(ACTIVITY):
Using the listing below, reproduce exactly the lines from the one with "Wir setzen mit" through the last, with all pictures left out.

(STORED DATA):
-- Opening Marker --

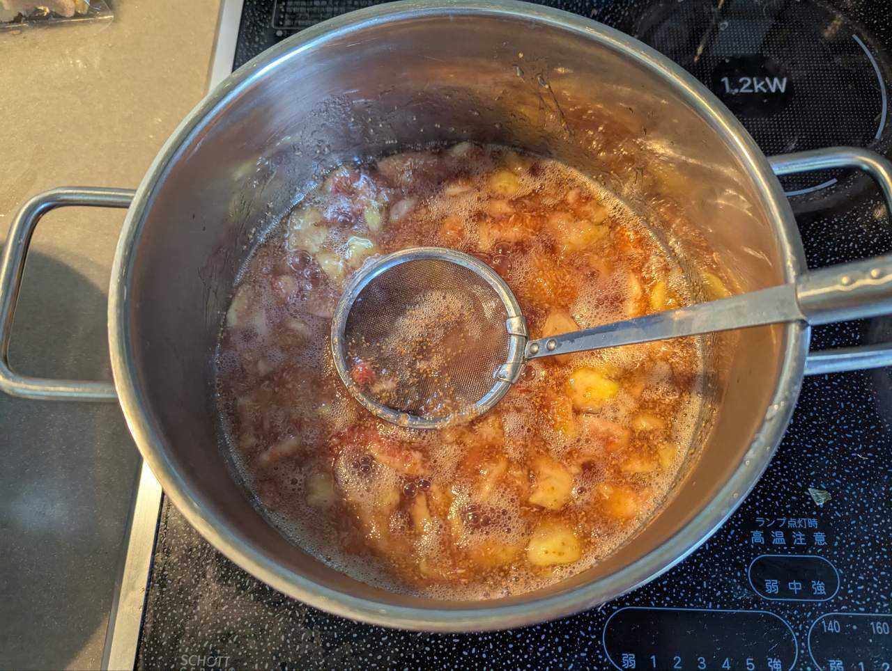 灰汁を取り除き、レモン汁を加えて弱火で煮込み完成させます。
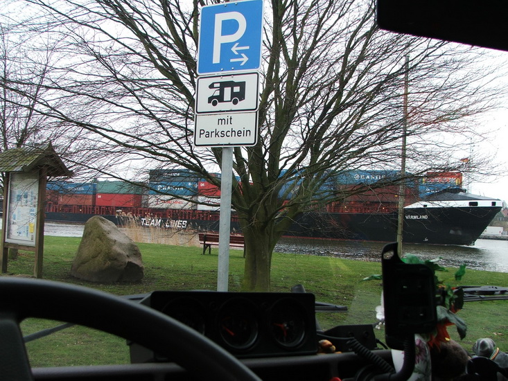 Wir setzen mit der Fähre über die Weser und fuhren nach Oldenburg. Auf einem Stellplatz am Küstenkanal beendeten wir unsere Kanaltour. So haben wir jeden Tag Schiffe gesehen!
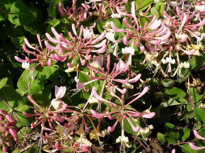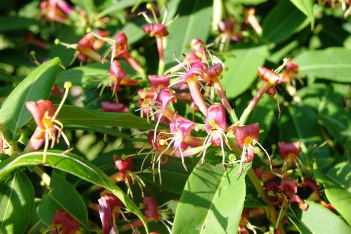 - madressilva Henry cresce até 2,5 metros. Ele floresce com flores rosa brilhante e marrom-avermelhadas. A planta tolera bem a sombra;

-- Closing Marker --

(RESPONSE BOX):
 Wir setzen mit der Fähre über die Weser und fuhren nach Oldenburg. Auf einem Stellplatz am Küstenkanal beendeten wir unsere Kanaltour. So haben wir jeden Tag Schiffe gesehen!
 - madressilva Henry cresce até 2,5 metros. Ele floresce com flores rosa brilhante e marrom-avermelhadas. A planta tolera bem a sombra;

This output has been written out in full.